> **Records to process**
•••••

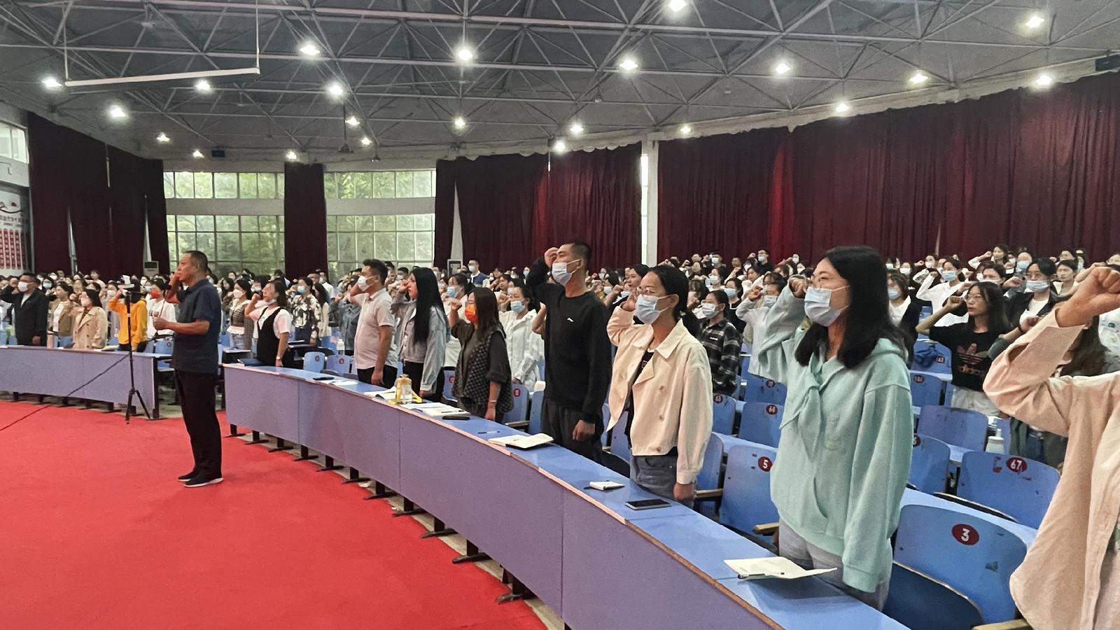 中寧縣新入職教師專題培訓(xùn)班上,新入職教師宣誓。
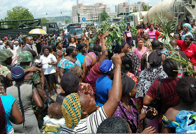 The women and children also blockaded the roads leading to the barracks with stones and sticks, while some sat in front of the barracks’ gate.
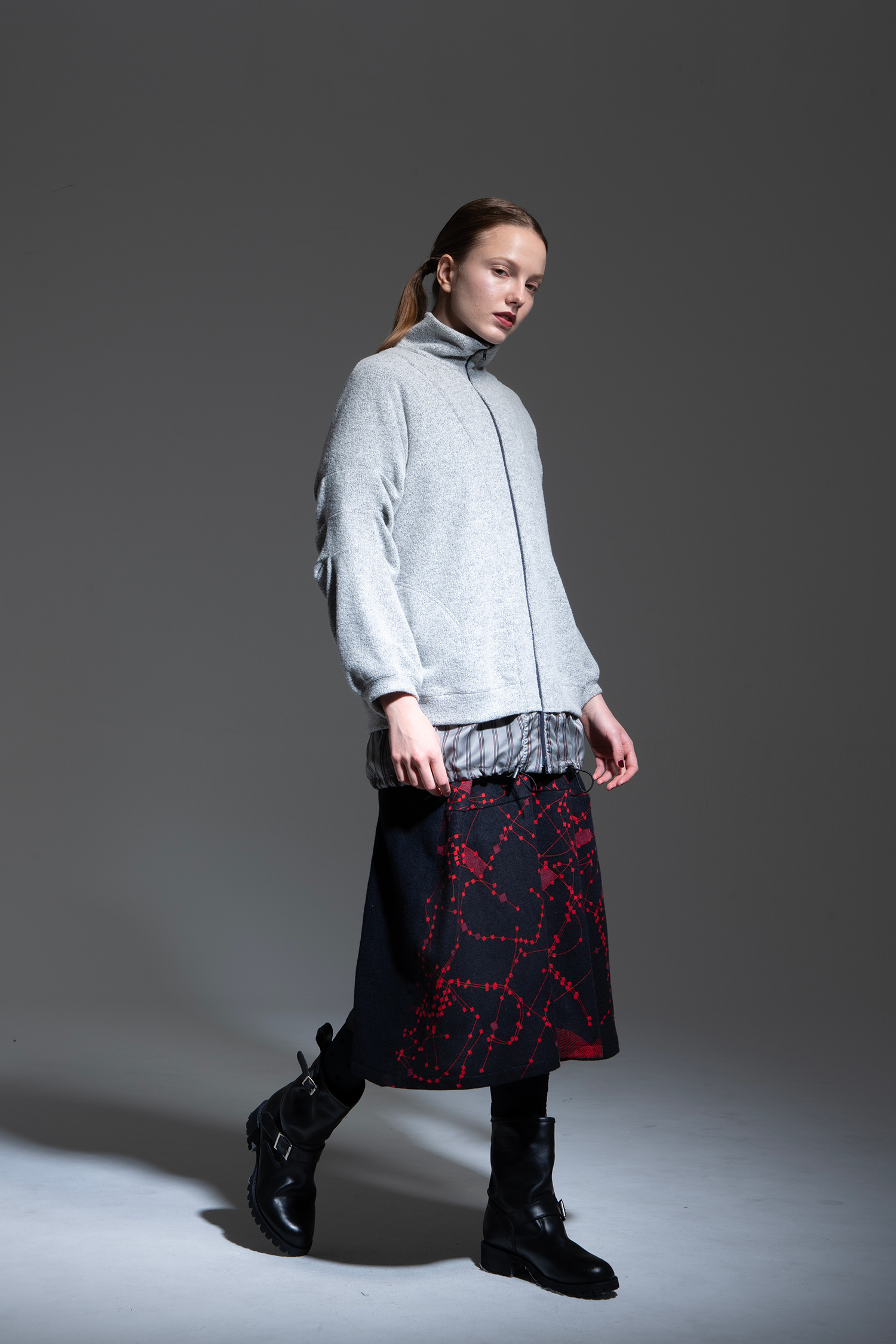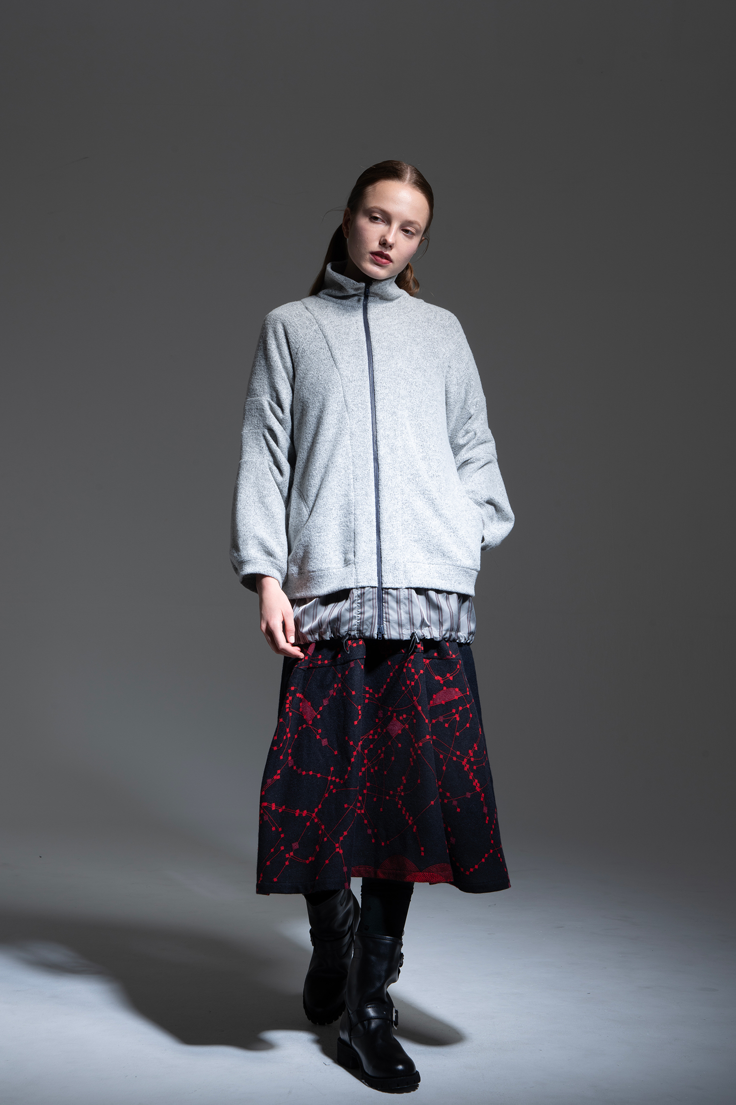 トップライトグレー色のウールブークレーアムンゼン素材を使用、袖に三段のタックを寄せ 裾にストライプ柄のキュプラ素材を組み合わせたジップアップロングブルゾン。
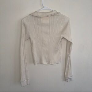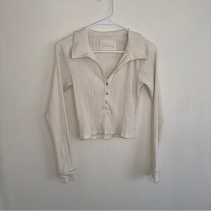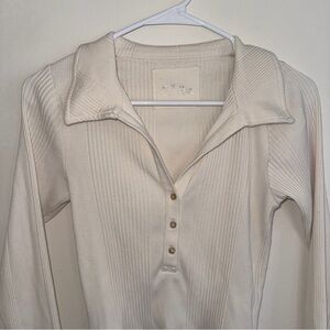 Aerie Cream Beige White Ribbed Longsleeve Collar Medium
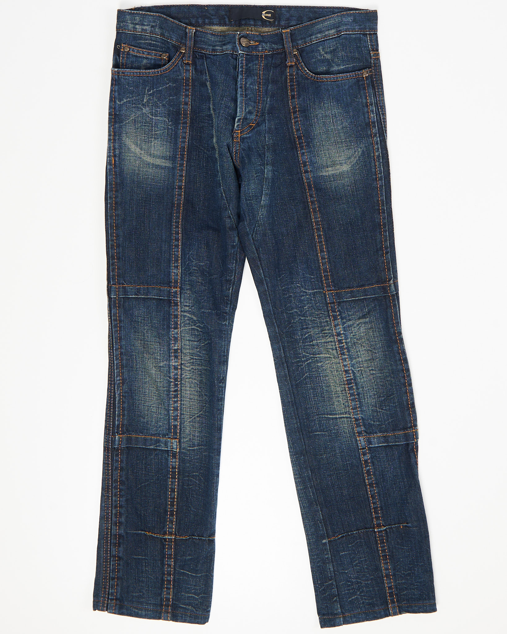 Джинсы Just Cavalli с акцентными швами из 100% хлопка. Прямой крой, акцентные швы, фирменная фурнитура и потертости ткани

•••••

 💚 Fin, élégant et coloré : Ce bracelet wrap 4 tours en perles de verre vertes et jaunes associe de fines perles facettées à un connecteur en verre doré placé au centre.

•••••

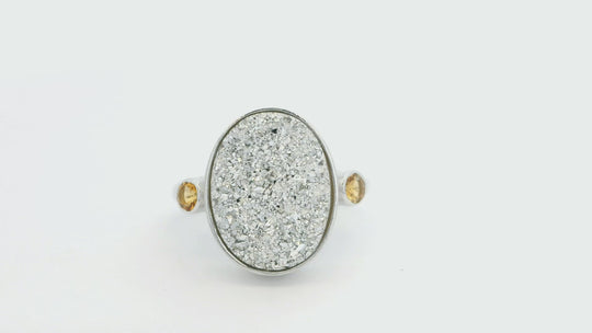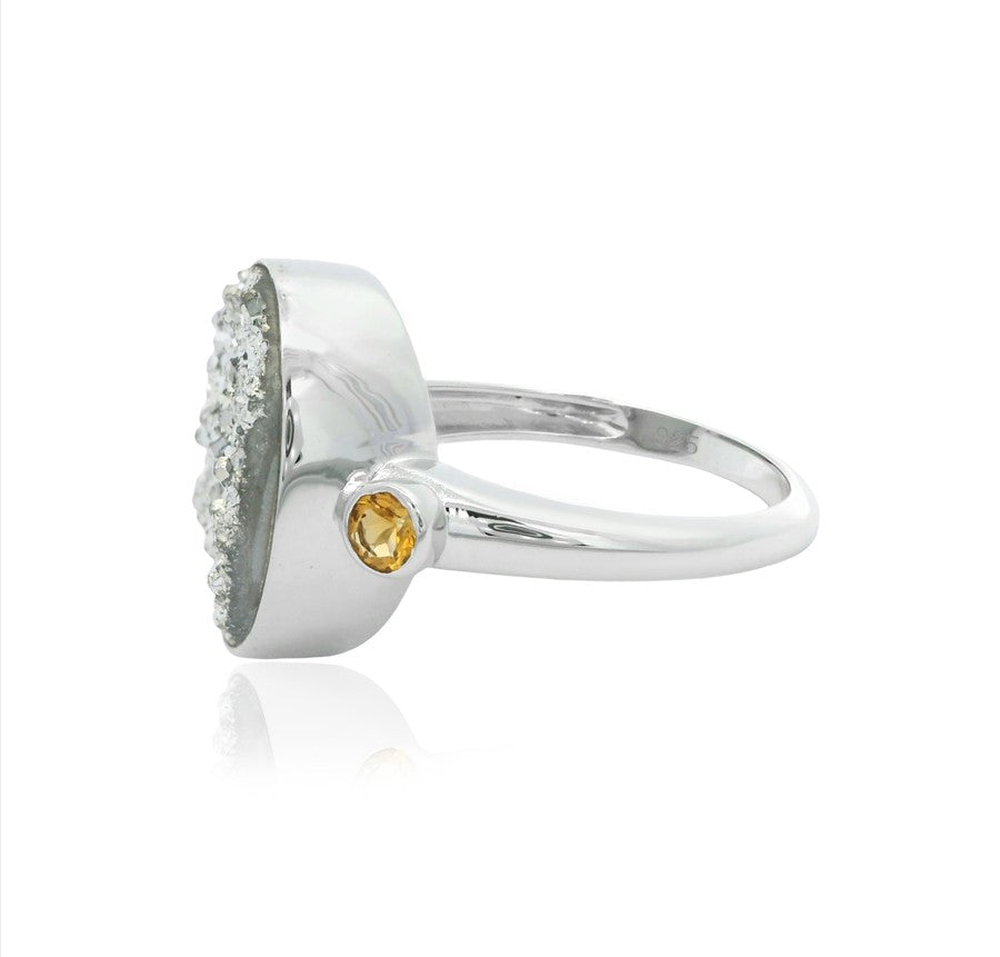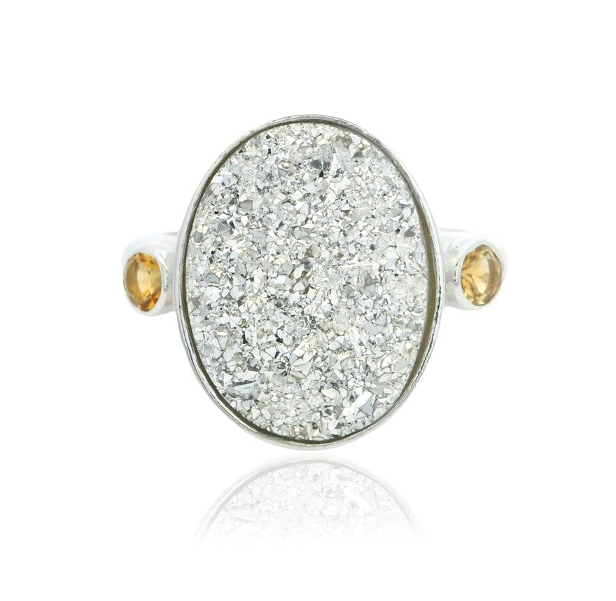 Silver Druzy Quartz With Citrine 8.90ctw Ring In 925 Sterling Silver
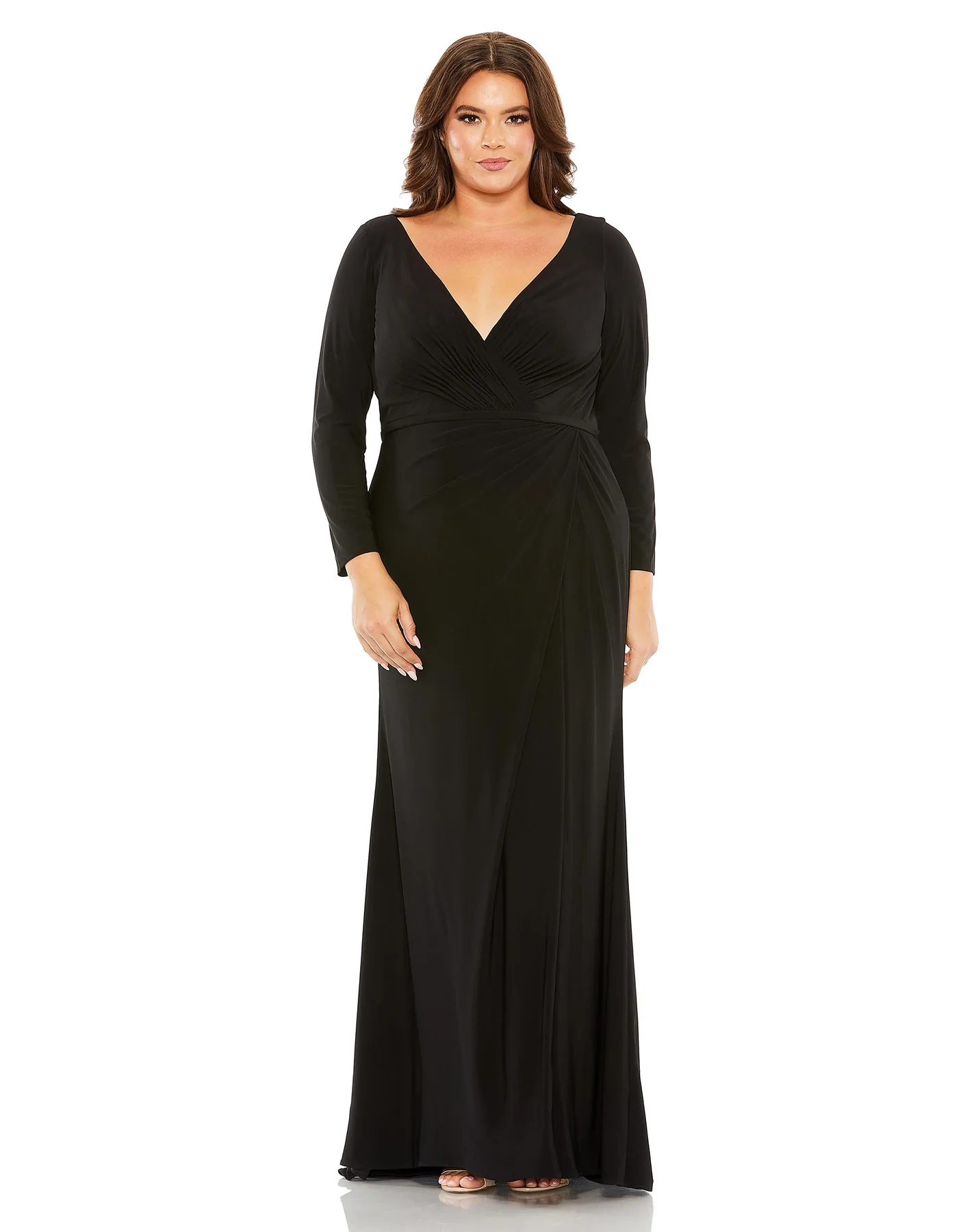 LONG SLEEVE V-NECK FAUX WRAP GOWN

•••••

> **Work task**
Both the line above containing "中寧縣新入職教師專題培訓(xùn)班上,新入職教師宣誓。" and the line containing "Джинсы Just Cavalli" belong in the copy, along with every line between them; print these exactly and omit the pictures.

> **Result below**
 中寧縣新入職教師專題培訓(xùn)班上,新入職教師宣誓。
 The women and children also blockaded the roads leading to the barracks with stones and sticks, while some sat in front of the barracks’ gate.
 トップライトグレー色のウールブークレーアムンゼン素材を使用、袖に三段のタックを寄せ 裾にストライプ柄のキュプラ素材を組み合わせたジップアップロングブルゾン。
 Aerie Cream Beige White Ribbed Longsleeve Collar Medium
 Джинсы Just Cavalli с акцентными швами из 100% хлопка. Прямой крой, акцентные швы, фирменная фурнитура и потертости ткани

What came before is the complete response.